Just talked to a very pro-Bush legal type who says he is ashamed and embarrassed this morning. Says Miers was with an undistinguished law firm; never practiced constitutional law; never argued any big cases; never was on law review; has never written on any of the important legal issues. Says she's not even second rate, but is third rate. Dozens and dozens of women would have been better qualified. Says a crony at FEMA is one thing, but on the high court is something else entirely. Her long history of activity with ABA is not encouraging from a conservative perspective--few conservatives would spend their time that way. In short, he says the pick is “deplorable.” There may be an element of venting here, but thought I'd pass along for what it's worth. It's certainly indicative of the mood right now...(Rich Lowry, National Review Online)
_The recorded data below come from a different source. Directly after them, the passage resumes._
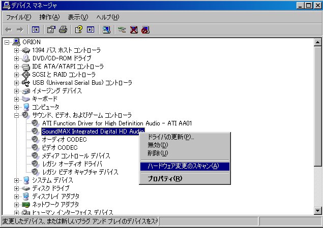 ●4. デバイスマネージャでハードウェア変更のスキャンをかける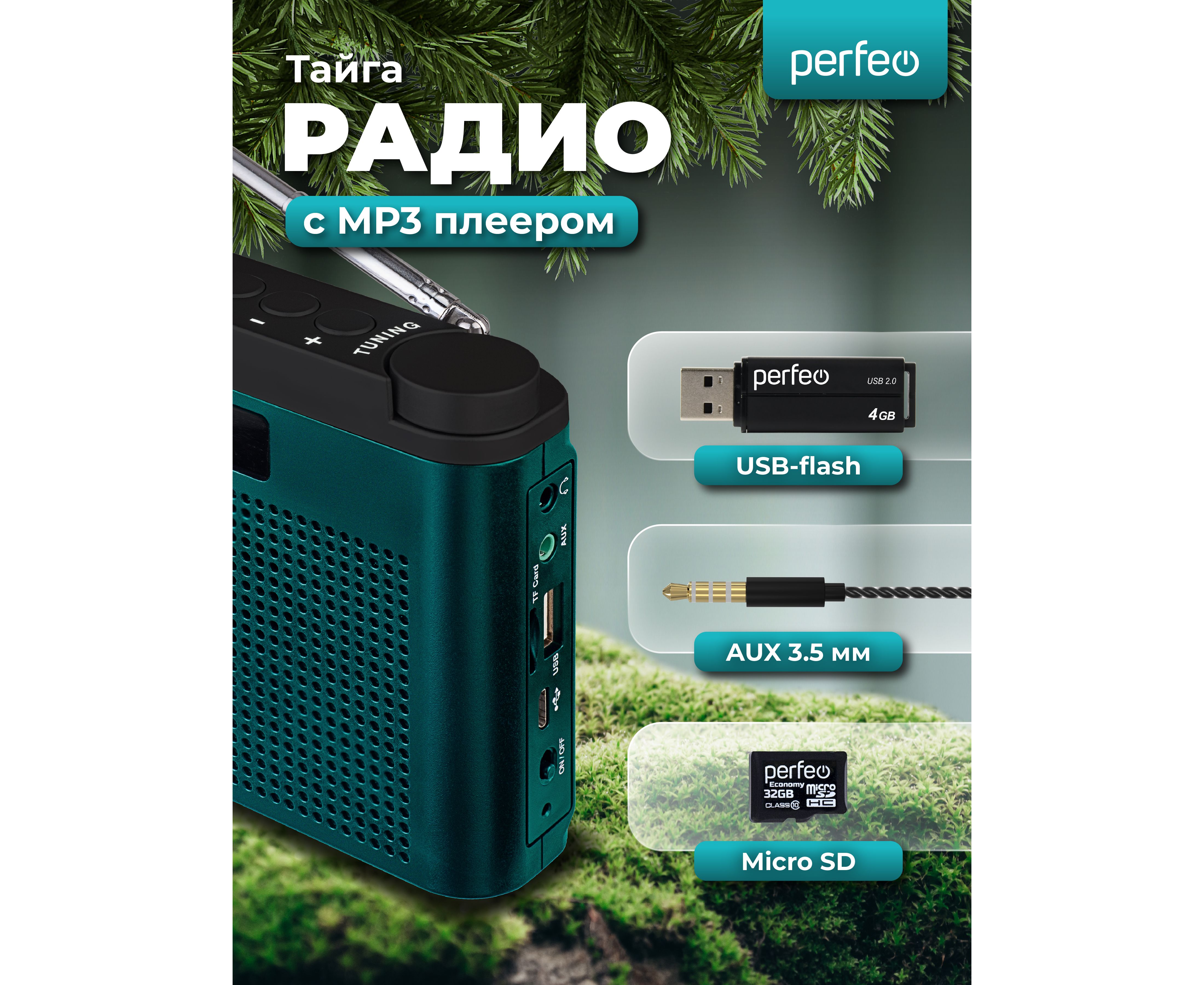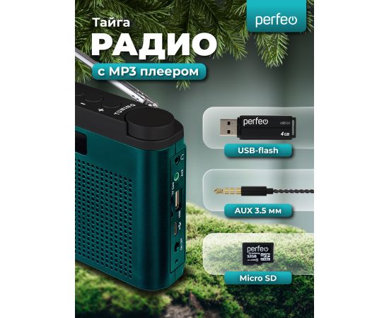 Портативный радиоприёмник УКВ/FM с разъемами USB и microSD. Perfeo "Тайга" создан на базе уже проверенного тюнера модели Perfeo SV922. Радиоприемник в классическом корпусе имеет стильный внешний вид, удобное колесико-регулятор радиоволны и кнопки управления на верхней грани устройства. Поворотная телескопическая антенна принимает сигнал в 2-х самых популярных диапазонах (УКВ и FM), также предусмотрена возможность выборочного запоминания 10 станций. Есть встроенный MP3-плеер, который воспроизводит MP3-файлы с карты памяти microSD или USB-накопителя. Аудиовход AUX, разъем для наушников и поддержка режима USB-аудио расширяют функционал приемника. За насыщенное звучание приемника и создание эффекта глубины звуковой сцены отвечают два активных 40мм динамика (RMS 6 Вт) и пассивный сабвуфер Bass Booster. Автономная работа осуществляется от встроенного аккумулятора 18650 (1800 мАч), зарядка от USB-порта (кабель mini USB - USB в комплекте). Радиоприемник от сети может работать через USB-адаптера (приобретается отдельно), варианты адаптеров приведены на фото к товару. В нашем ассортименте магазина Perfeo есть множество портативных радиоприемников, они станут отличным подарком для родителей, дедушек и бабушек, подарят хорошее настроение и станут украшением вашего интерьера, прекрасно впишутся в любой дизайн, как дома, так и на даче, незаменимы в походе. Радиоприемник легко зарядить от повербанка, он не прихотлив в использовании.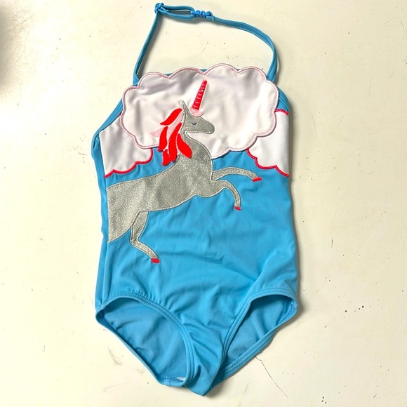 Mini Boden Unicorn One Piece Halter Swim Suit 3/4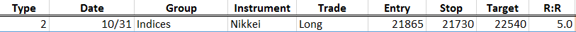 Below is the Live Trading Room journal for the Nikkei long trade

And, really, she's just your average, run-of-the-mill, crooked corporate lawyer:

Miers Led Law Firm Repeatedly Forced to Pay Damages For Defrauding Investors

In case anyone thought Harriet Miers wasn't a corporate-shill-in-White-House-clothing, take a gander at how Miers did her best Ken Lay impression while heading a major Texas corporate law firm. That's right, according to the 5/1/00 newsletter Class Action Reporter, Miers headed Locke, Liddell & Sapp at the time the firm was forced to pay $22 million to settle a suit asserting that "it aided a client in defrauding investors."

The details of the case are both nauseating and highly troubling, considering President Bush is considering putting Miers at the top of America's legal system. Under Miers' leadership, the firm represented the head of a "foreign currency trading company [that] was allegedly a Ponzi scheme." The law-firm admitted that it "knew in March 1998 that $ 8 million in [the company's] losses hadn't been reported to investors" but didn't tell regulators.

This wasn't an isolated incident, either. The Austin American-Statesman reported in 2001 that Miers' lawfirm was forced to pay another $8 million for a similar scheme to defraud investors. The suit, which dealt with actions the firm took under Miers in the late 1990s, was again quite troubling. As the 9/20/00 Texas Lawyer reported, Miers' firm helped a now-convicted con man "defraud investors and allowed the firm's [bank] account to be used as a 'conduit.'" The suit said "money from investors that went into the firm's trust account was deposited into [the con man's] bank accounts and was used to pay for his 'expensive toys.'"

If you think Miers wasn't involved in any of this -- think again. Miers wasn't just any old lawyer at the firm. She was the Managing Partner -- the big cheese.